Польское посольство в Чехословакии с удовольствием цитировало нападки генлейновцев на чехословацкого премьер-министра Годжу за его интервью британской «Морнинг пост», в котором тот «определил партию судетских немцев как передовой отряд гитлеризма в Чехословакии» и высказал мнение, что «Чехословакии… угрожала серьезная опасность нападения со стороны Германии»[448].
Вот эта «мирная политика» судетских фашистов и вызывала восторг у польских дипломатов в Праге. Что, впрочем, понятно. Ведь и официальная Варшава на внешней арене действовала именно в этом русле — разрушения системы французских военных союзов, выстраивания «санитарного кордона» на границах СССР, а политику коллективной безопасности против агрессии Гитлера, которой придерживалась Чехословакия, тогдашняя Польша называла «деструктивной» и «вредящей интересам мира».
В Варшаве идею польско-германского сотрудничества на почве защиты нацменьшинств нашли перспективной. Вскоре Берлин с Варшавой (далее к ним присоединится Будапешт) стали выступать на внешней арене одним голосом и по этому вопросу.

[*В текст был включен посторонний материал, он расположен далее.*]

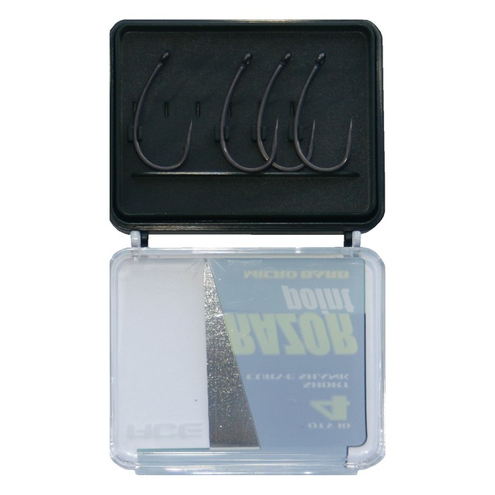 Ace Razor Point Short Curve Shank Hooks, The most popular of ACEs Carp Razorpoint hook patterns, not just because its robust, ultra-sharp and incredibly strong its the most versatile. Having both a short shank and a slight bend, this straight point carp hook also has a straight eye which ensures it can be used to create a wealth of presentations. Whether you simply wish to gain a better hook hold when fishing standard hair-rigged bottom or pop-up boilies, or you want to give the Withy Pool rig, a snowman presentation or a KD rig a try, this is the perfect hook pattern to use. Its available in micro barbed sizes 1, 2, 4, 5, 6, 7, 8 and 10, and Barbless sizes 6, 8, 10. ACE Razor Point Hook Range: The ACE Razorpoint range of carp fishing hooks has been designed from scratch specifically to create the perfect hook pattern for the optimum rig and situation you are facing. Unlike many carp fishing hooks that are simply repackaged examples from hook manufacturers, these carp hooks have been created using experience and vast knowledge from our team of consultants: Terry Hearn, Iain Macmillan and Max Cottis, and many more. Refined to minute details to ensure perfect performance with every cast, ACE and our team of hardened carp angling experts truly believes our range of carp hooks is the most advanced on the market something we are extremely proud of. Technical Info: Dura-Point Technology - Produces one of the sharpest and longest points in the carp hook world, even after multiple uses. Japanese Carbon Steel The highest quality steel available for producing carp hooks, providing strength, durability and reliability. Non-Glare PTFE Finish Special coating ensures each hook blends-in with the venue bottom therefore minimising spooking of fish. Closed Eye Careful attention to detail means each hook eye is perfectly created so no damage will occur to your hooklink. Micro Barb Tiny barbs ensure minimum damage upon entry coupled with an extraordinary hook hold during the fight.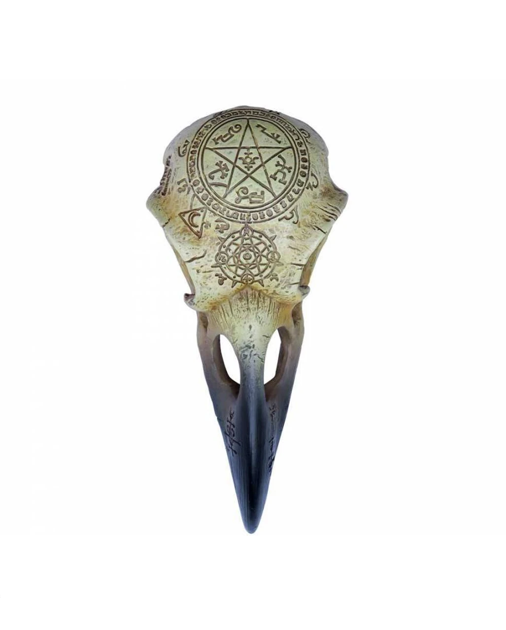 Kanalisiere die Energien Huginns und Muninns – den beiden Krähen des nordischen Kriegsgottes Odin. Mit unserem Omega Raben Totenschädel lassen sich okkulte Séancen abhalten oder Voodoo-Praktiken betreiben. Die magischen Sprüche sind bereits kunstvoll auf dem Deko Rabenschädel aufgedruckt. Platziere den Voodoo-Tierschädel als Deko- Element in deinem Regal oder in einem Arrangement aus Knochen, und spüre die mystische Energie, die deinen Körper durchfährt. Ob als Halloween Deko oder Mythologie Ausstellungsstück – ein Hingucker ist der Rabenschädel allemal.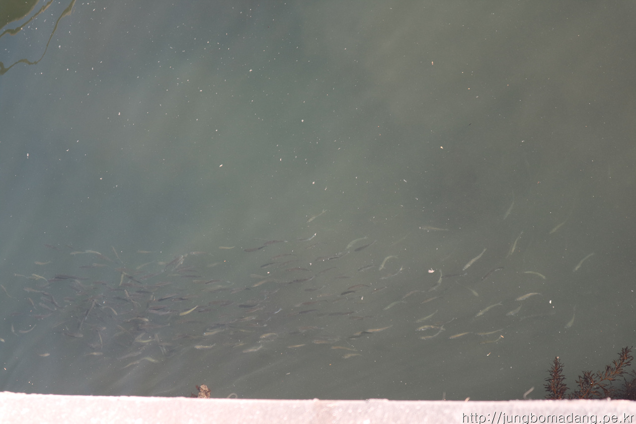 항구 근처인데 작은 물고기가 바글 바글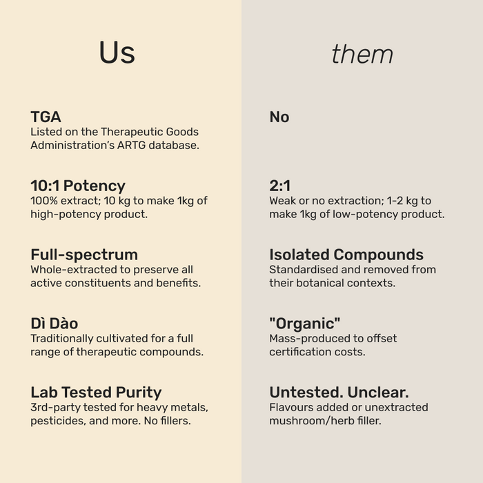 Working in synergy, these herbs and mushrooms are traditionally used to enhance energy levels, support adrenal function, promote endurance and stamina, bolster immunity, and act as an aphrodisiac to improve libido.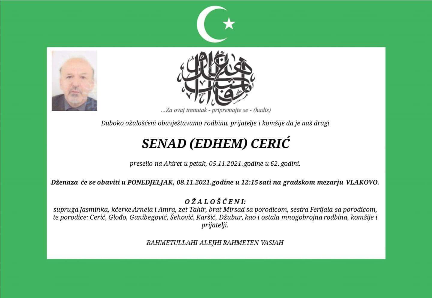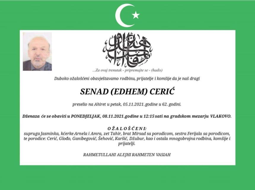 Tužnog srca i s bolom u duši obavještavamo rodbinu, komšije i prijatelje da je naš dragi Senad (Edhem) Cerić dana 05.11.2021. u 62. godini života preselio na ahiret.

Такое взаимодействие выглядело абсурдным, ибо проблема нацменьшинств была серьезным раздражителем в собственно германопольских отношениях. В связи с этим, а также во имя укрепления альянса Германии и Польши к осени 1937-го было подготовлено польско-германское соглашение о нацменьшинствах. Текст согласовывался несколько месяцев, и еще на стадии выработки документа советский поверенный в делах в Польше информировал НКИД, какой характер придают этому соглашению в варшавских политических кругах, — оно рассматривалось как свидетельство «нового проявления польско-германского сближения»[449].
Польско-германское соглашение о национальных меньшинствах состоялось в форме идентичных правительственных деклараций, опубликованных 5 ноября 1937 г. в Берлине и Варшаве.

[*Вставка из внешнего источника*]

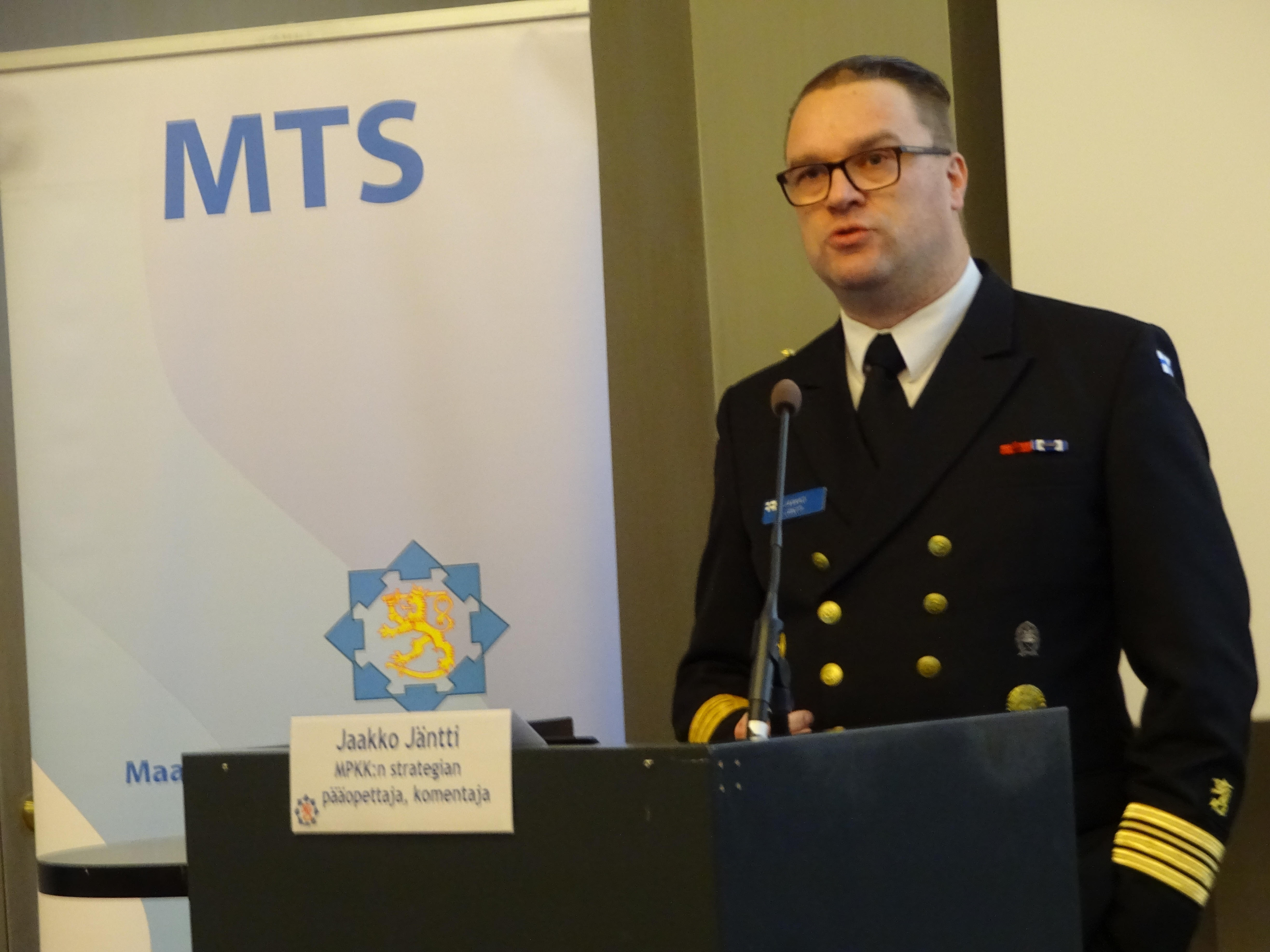 Maanpuolustuskorkeakoulun strategian pääopettaja, komentaja Jaakko Jäntti MTS:n journalistiseminaarissa 17.12.2019. Kuva: Markus KInkku.
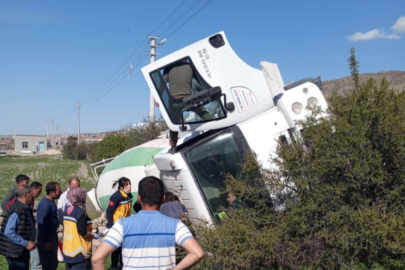 Konya'nın Karapınar ilçesinde beton mikseri devrildi. Kazada, sürücü ve adres tarifi için araca aldığı çocuk yaralandı.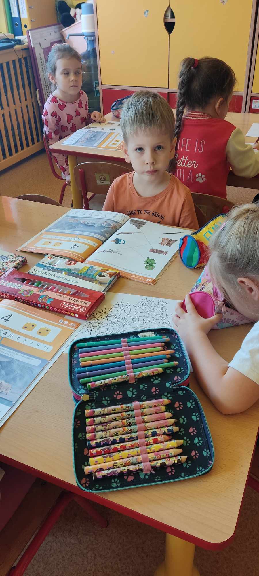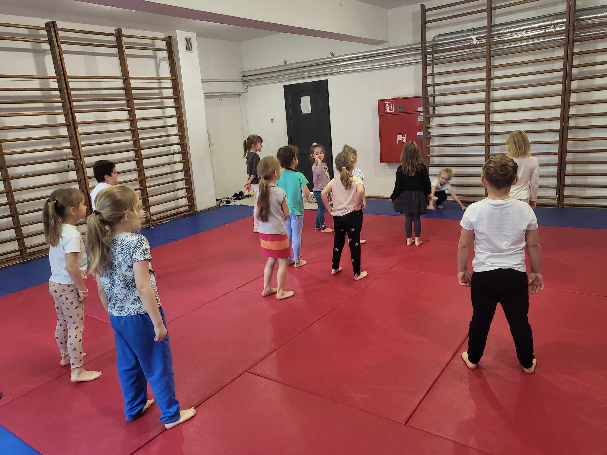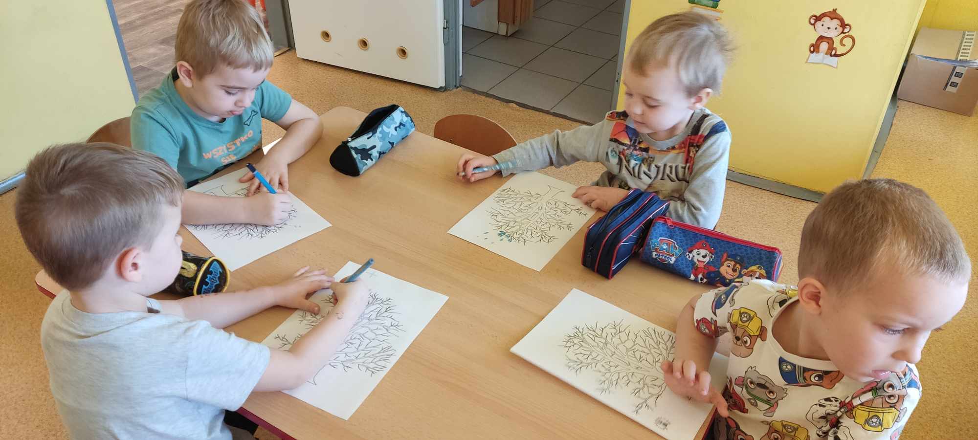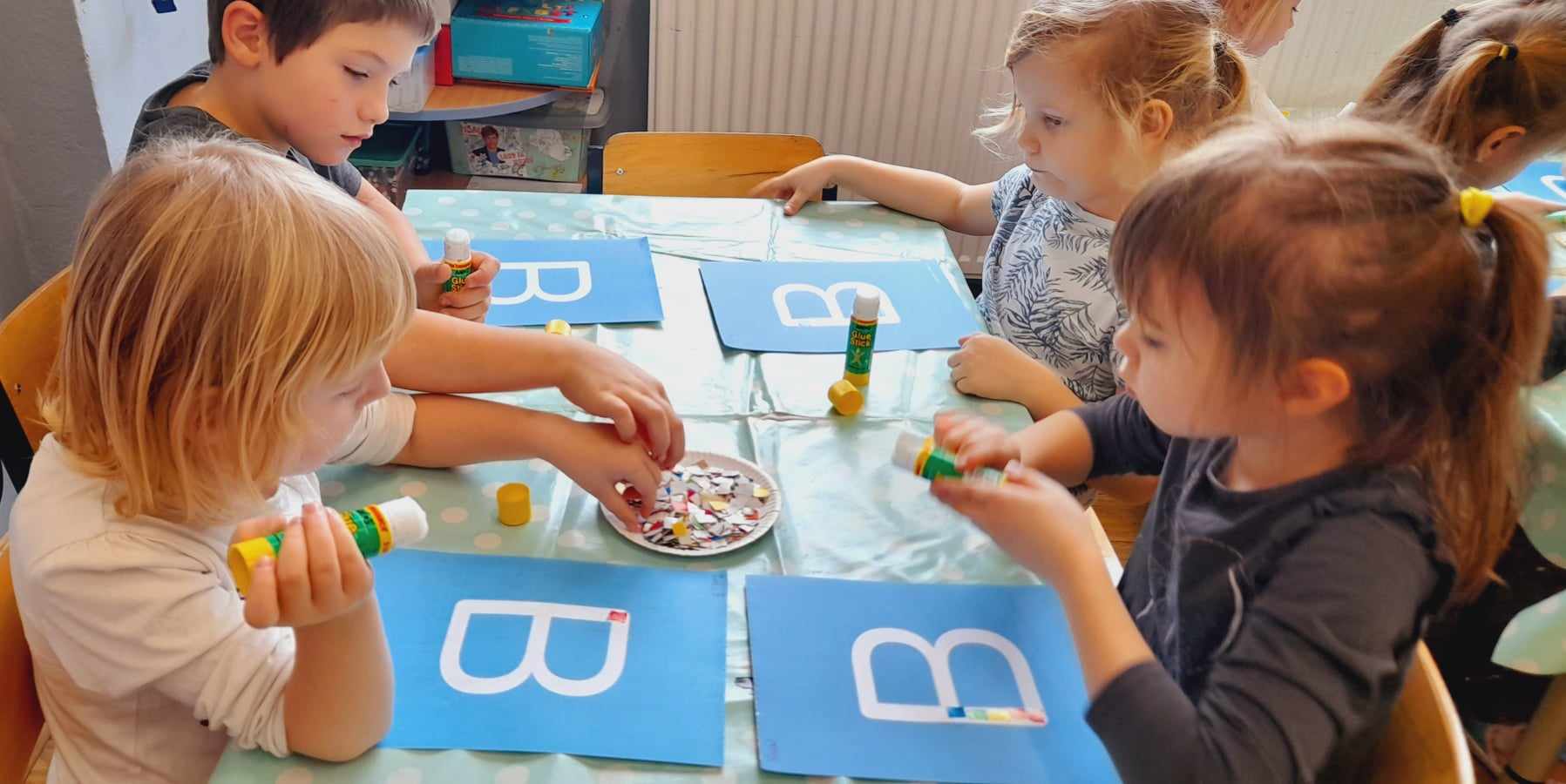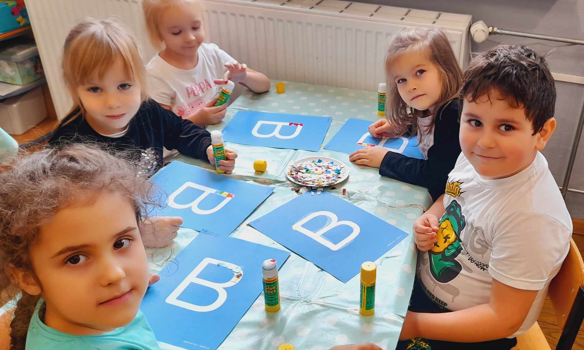 „Biedronki ” poznały litery „Z”, „B”, których kontur wypełniały przy użyciu różnych materiałów. Opanowały treść wiersza T.Fiutowskiej:” Co robią dni tygodnia?”, układając do niego we właściwej kolejności obrazki. Poznały znak matematyczny ,,+”, gdzie odczytywały i układały zapisy działań na dodawanie w zakresie 5. Brały udział w zabawie dydaktycznej: „Przyjęcie dla babci i dziadka „, gdzie miały za zadanie rozdzielić po tyle samo „smakołyków”. Doskonaliły umiejętność mierzenia długości przy pomocy sznurka. W ramach Ogólnopolskiego Projektu Edukacyjnego „Gramy zmysłami” grupa przygotowała zdrowe II śniadanie. Na sali gimnastycznej odbyły się zabawy ruchowe oraz zumba.

Декларации представляли собой набор пустых фраз о том, что проблема нацменьшинств в отношениях между Германией и Польшей не стоит. Польское руководство вовсе не насторожил тот факт, что Гитлер категорически отказался включать в официальную декларацию гарантии для Данцига (на чем поначалу настаивала Варшава). В Берлине полякам пояснили, что опасаются «такой формулировки, которая прямо или косвенно являлась бы подтверждением Версальского договора». Дескать, это повредило бы нашему общему — польско-германскому — делу, в т. ч. в вопросе дальнейшего расчленения такого версальского создания, как Чехословакия.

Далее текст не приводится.